- PROBLEM STATEMENT: Without the pictures, reproduce the records that follow exactly.

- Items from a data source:
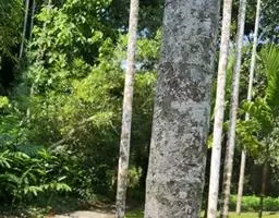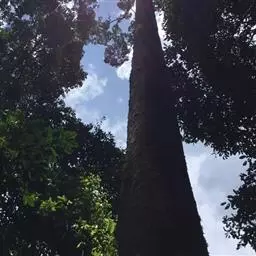 望天树是大乔木,高40(-60)米,胸径60-150厘米;树皮灰色或棕褐色,树干上部的为浅纵裂,下部呈块状剥落。幼枝被鳞片状的茸毛,具圆形皮孔。
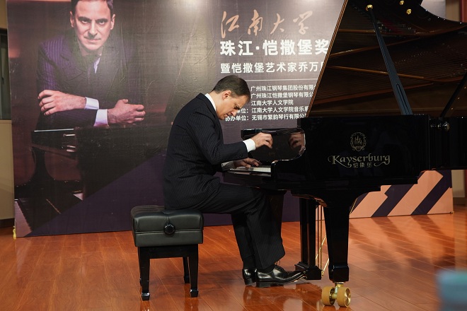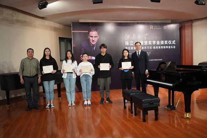 颁奖仪式结束后,美妙的音乐会开始。乔万尼·维塔莱蒂是珠江恺撒堡艺术家、意大利“蒙特威尔第”音乐学院副院长、钢琴系主任、布索尼国际钢琴比赛组委会委员、意大利博尔扎诺钢琴音乐节创始人及艺术总监、西安音乐学院外籍专家教授。他精通作曲、指挥和古钢琴,其演出足迹遍布全球上百个城市及重要音乐厅,先后在伦敦国家剧院、美国纽约林肯中心、北京大学百年纪念堂等地留下了他的身影。同时,他还为意大利和德国国家广播电台录制了21套节目,具有深远的影响力,受到中外媒体报刊的广泛赞誉。担任本次音乐会演奏嘉宾的是旅意青年钢琴演奏家、西安音乐学院钢琴系教师——王娜女士。音乐会共演奏了12首钢琴作品,从与王娜女士的四手联弹作品《匈牙利狂想曲》到独奏《基辅大门》他都以细腻的音乐语言、娴熟的演奏技巧完美的展现出来。语言文字有国界,但音乐没有。台下观众们专注的神情和那些陶醉的目光就是最好的证明。
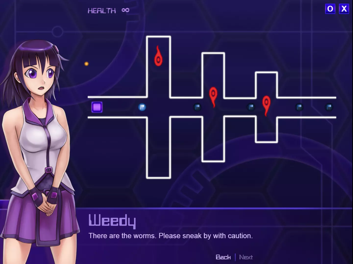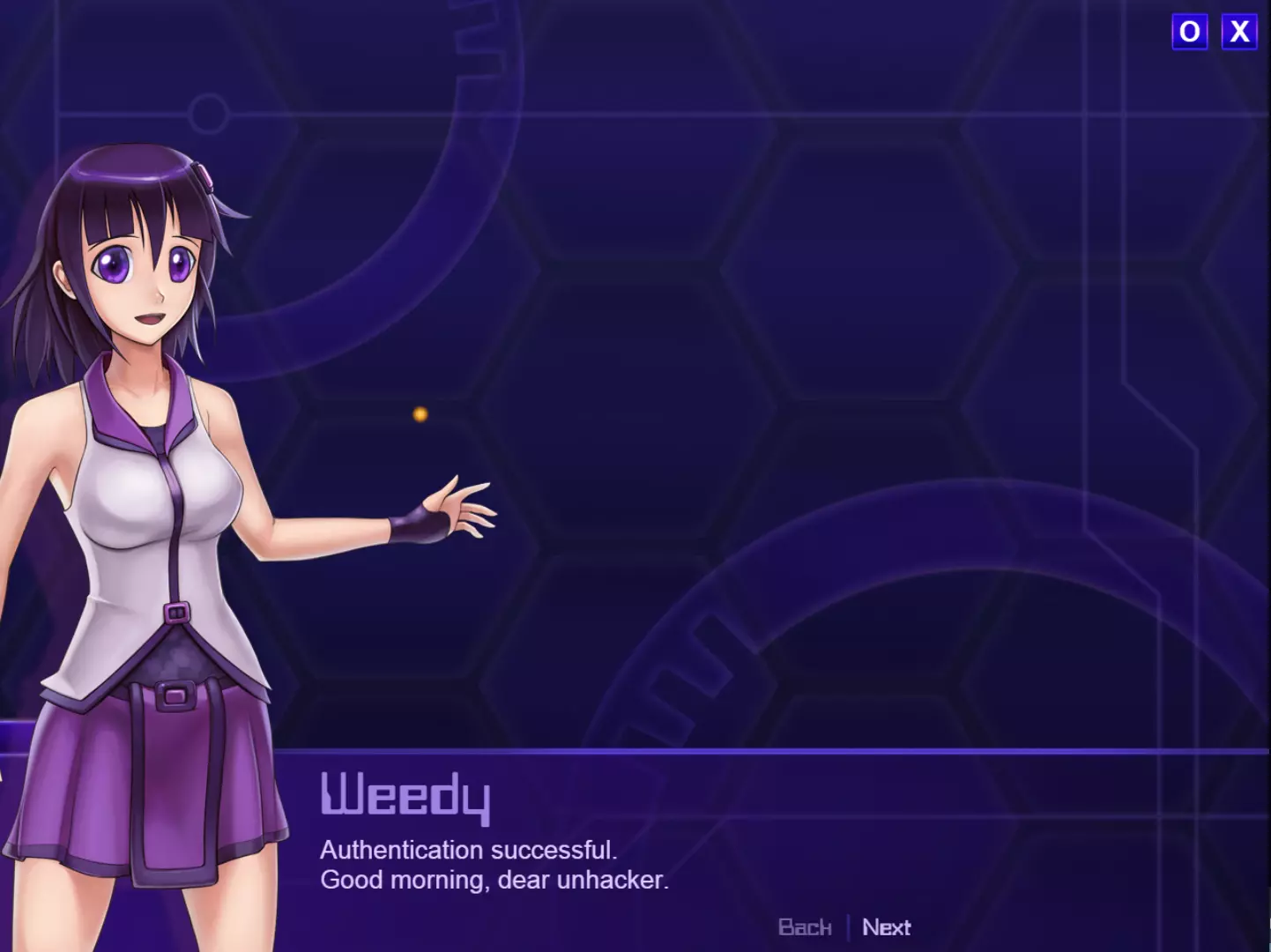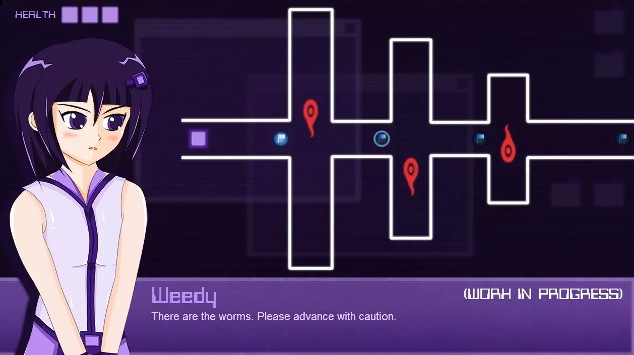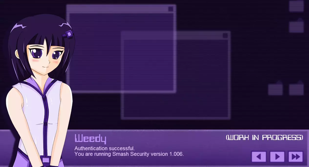 Weedy:“现在正在进行源头定位。如果能侵入那里,应该就能取得战果。” 译者解说:开发中的《Unhack》。Weedy和蠕虫等设定被保留到了正式版中,同时还能看出存在类似《超执刀 卡多裘斯》那样通过指针直接驱除蠕虫的要素。啊,这感觉…… ※6:在DS和Wii平台上发售的外科手术游戏。总之只要狂喷治疗凝胶就能救患者。虽然难度高但却是名作。(直接营销) 系统 结构[unhack.wikia.com] 《Unhack》计划推出共7个章节。 每个章节都包含导入部分,之后会接续动作部分。玩家在完成动作部分后,可在结束章节前阅读尾声。 即使在动作部分进行中,游戏也会同步显示文字内容。《Unhack》首先是一款文字冒险游戏,同时也是一款动作游戏。 动作部分的目标可能因章节而异。 玩家的化身在每回合[※7]拥有3条生命。 化身没有初始武装,但随着游戏推进,可以利用场景中的装备对敌人发起攻击。【※8】 ※7:或许,原本的构想是即便是同一章节,较长的内容也会进行分割。 ※8:指的或许是正篇中登场的爆破装置。 Weedy Weedy是粉碎安全公司的官方AI,通过软件广告在普通民众中也广为人知。 她会协助《Unhack》的5K蠕虫清除工作,“清理”客户的机器。 Unhacker的工作时间为9点到18点,周末休息,但Weedy没有休息日。 周末的她会开发用于支援Unhacker的新装备和功能。作为粉碎安全的“门面担当”,她言行谨慎、工作踏实,因此赢得了全球客户的支持。
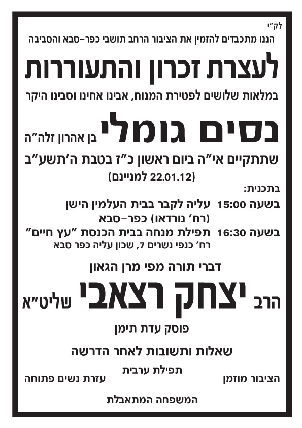 | במסגרת עצרת זכרון והתעוררות במלאות שלושים לפטירת ר' נסים בן אהרון גומלי זלה"ה. כולל שאלות ותשובות | ||||||||
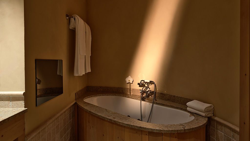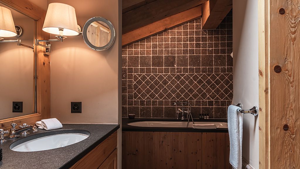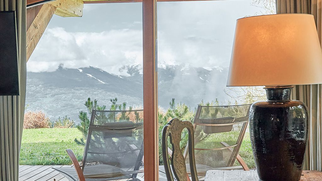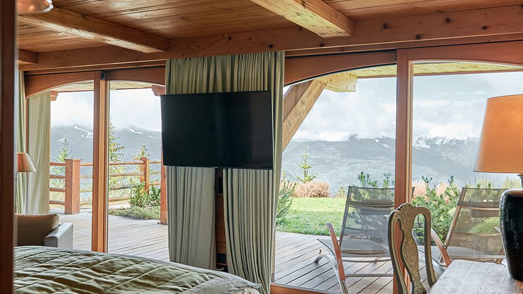From 45m2 to 60m2. King size bed, fireplace, desk, Nespresso machine. Bathroom with shower and jacuzzi bathtube with plasma TV. Terrace. Full Mountain view.
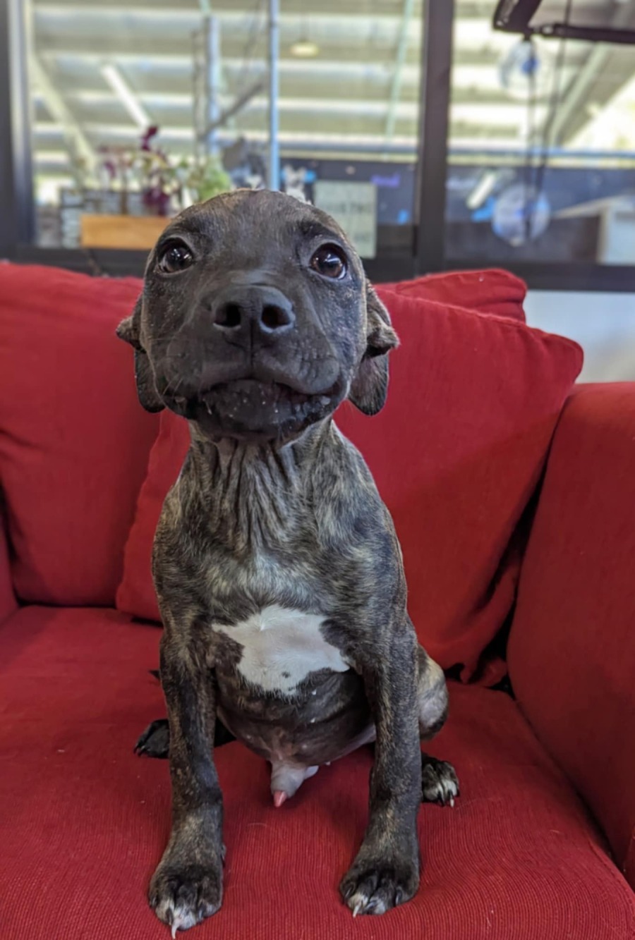 Augie's mum & her two sisters were all impregnated on the same day by the same male dog. All 3 mums are microchipped as American Staffy, however their head heights are all below the knee, so they are quite small for the breed. We believe dad is also a Staffy x. All puppies from these litters have been surrendered for rehoming & we have desexing appointments booked for the mums to ensure there's no more accidental litters.
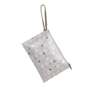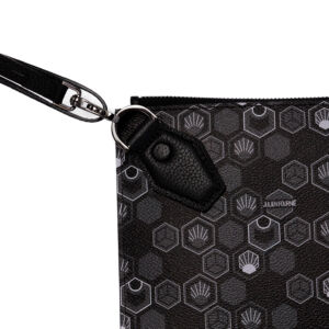 Cette pochette luxe est fabriquée en cuir et en toile enduite, ornée du monogramme exclusif Hexagon de la Maison Julien Fournié. Ce monogramme est un véritable symbole de l’élégance et du savoir-faire de la marque.
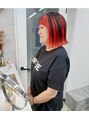 ブリーチ1回~。カラーバターをミックスしたレッドのアンブレラデザインカラー。
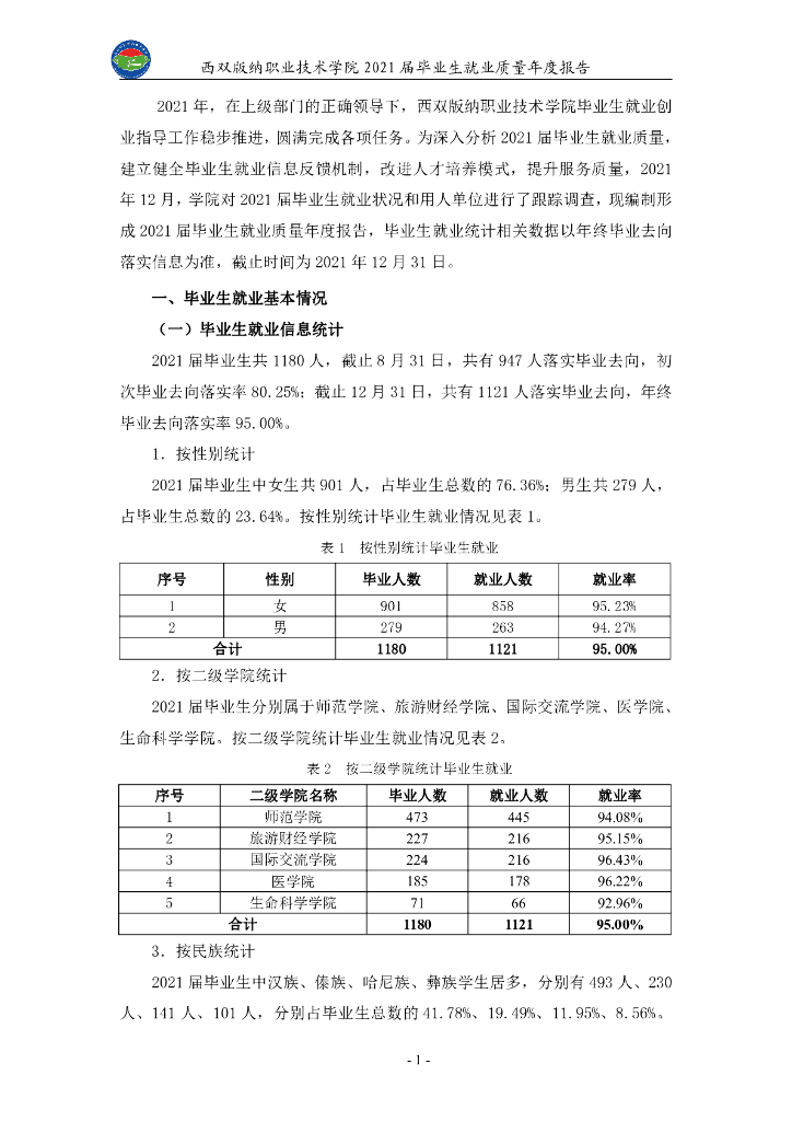 西双版纳职业技术学院2021届毕业生就业质量年度报告.pdf
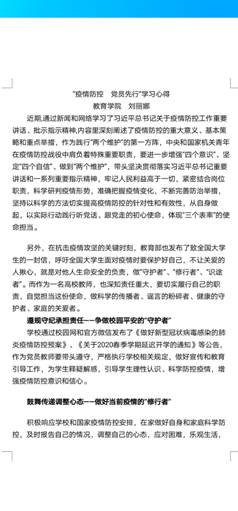 2020年2月27日,在全国坚决打赢疫情防控的人民战争总体战阻击战的形势下,在公司广大师生员工开展线上教学、居家办公的特殊时期,太阳集团tyc33455cc教工一支部依据公司党委和教育公司党总支的通知精神,在“线上”开展了“疫情防控、党员先行”主题党日活动。本次党日活动内容包括:①党员个人重温入党誓词;②自主学习“习近平总书记关于疫情防控工作重要讲话、批示指示精神”等材料;③利用QQ群谈各自感悟,进行线上思想交流活动。

- WRITTEN SOLUTION:
 望天树是大乔木,高40(-60)米,胸径60-150厘米;树皮灰色或棕褐色,树干上部的为浅纵裂,下部呈块状剥落。幼枝被鳞片状的茸毛,具圆形皮孔。
 颁奖仪式结束后,美妙的音乐会开始。乔万尼·维塔莱蒂是珠江恺撒堡艺术家、意大利“蒙特威尔第”音乐学院副院长、钢琴系主任、布索尼国际钢琴比赛组委会委员、意大利博尔扎诺钢琴音乐节创始人及艺术总监、西安音乐学院外籍专家教授。他精通作曲、指挥和古钢琴,其演出足迹遍布全球上百个城市及重要音乐厅,先后在伦敦国家剧院、美国纽约林肯中心、北京大学百年纪念堂等地留下了他的身影。同时,他还为意大利和德国国家广播电台录制了21套节目,具有深远的影响力,受到中外媒体报刊的广泛赞誉。担任本次音乐会演奏嘉宾的是旅意青年钢琴演奏家、西安音乐学院钢琴系教师——王娜女士。音乐会共演奏了12首钢琴作品,从与王娜女士的四手联弹作品《匈牙利狂想曲》到独奏《基辅大门》他都以细腻的音乐语言、娴熟的演奏技巧完美的展现出来。语言文字有国界,但音乐没有。台下观众们专注的神情和那些陶醉的目光就是最好的证明。
 Weedy:“现在正在进行源头定位。如果能侵入那里,应该就能取得战果。” 译者解说:开发中的《Unhack》。Weedy和蠕虫等设定被保留到了正式版中,同时还能看出存在类似《超执刀 卡多裘斯》那样通过指针直接驱除蠕虫的要素。啊,这感觉…… ※6:在DS和Wii平台上发售的外科手术游戏。总之只要狂喷治疗凝胶就能救患者。虽然难度高但却是名作。(直接营销) 系统 结构[unhack.wikia.com] 《Unhack》计划推出共7个章节。 每个章节都包含导入部分,之后会接续动作部分。玩家在完成动作部分后,可在结束章节前阅读尾声。 即使在动作部分进行中,游戏也会同步显示文字内容。《Unhack》首先是一款文字冒险游戏,同时也是一款动作游戏。 动作部分的目标可能因章节而异。 玩家的化身在每回合[※7]拥有3条生命。 化身没有初始武装,但随着游戏推进,可以利用场景中的装备对敌人发起攻击。【※8】 ※7:或许,原本的构想是即便是同一章节,较长的内容也会进行分割。 ※8:指的或许是正篇中登场的爆破装置。 Weedy Weedy是粉碎安全公司的官方AI,通过软件广告在普通民众中也广为人知。 她会协助《Unhack》的5K蠕虫清除工作,“清理”客户的机器。 Unhacker的工作时间为9点到18点,周末休息,但Weedy没有休息日。 周末的她会开发用于支援Unhacker的新装备和功能。作为粉碎安全的“门面担当”,她言行谨慎、工作踏实,因此赢得了全球客户的支持。
 | במסגרת עצרת זכרון והתעוררות במלאות שלושים לפטירת ר' נסים בן אהרון גומלי זלה"ה. כולל שאלות ותשובות | ||||||||
From 45m2 to 60m2. King size bed, fireplace, desk, Nespresso machine. Bathroom with shower and jacuzzi bathtube with plasma TV. Terrace. Full Mountain view.
 Augie's mum & her two sisters were all impregnated on the same day by the same male dog. All 3 mums are microchipped as American Staffy, however their head heights are all below the knee, so they are quite small for the breed. We believe dad is also a Staffy x. All puppies from these litters have been surrendered for rehoming & we have desexing appointments booked for the mums to ensure there's no more accidental litters.
 Cette pochette luxe est fabriquée en cuir et en toile enduite, ornée du monogramme exclusif Hexagon de la Maison Julien Fournié. Ce monogramme est un véritable symbole de l’élégance et du savoir-faire de la marque.
 ブリーチ1回~。カラーバターをミックスしたレッドのアンブレラデザインカラー。
 西双版纳职业技术学院2021届毕业生就业质量年度报告.pdf
 2020年2月27日,在全国坚决打赢疫情防控的人民战争总体战阻击战的形势下,在公司广大师生员工开展线上教学、居家办公的特殊时期,太阳集团tyc33455cc教工一支部依据公司党委和教育公司党总支的通知精神,在“线上”开展了“疫情防控、党员先行”主题党日活动。本次党日活动内容包括:①党员个人重温入党誓词;②自主学习“习近平总书记关于疫情防控工作重要讲话、批示指示精神”等材料;③利用QQ群谈各自感悟,进行线上思想交流活动。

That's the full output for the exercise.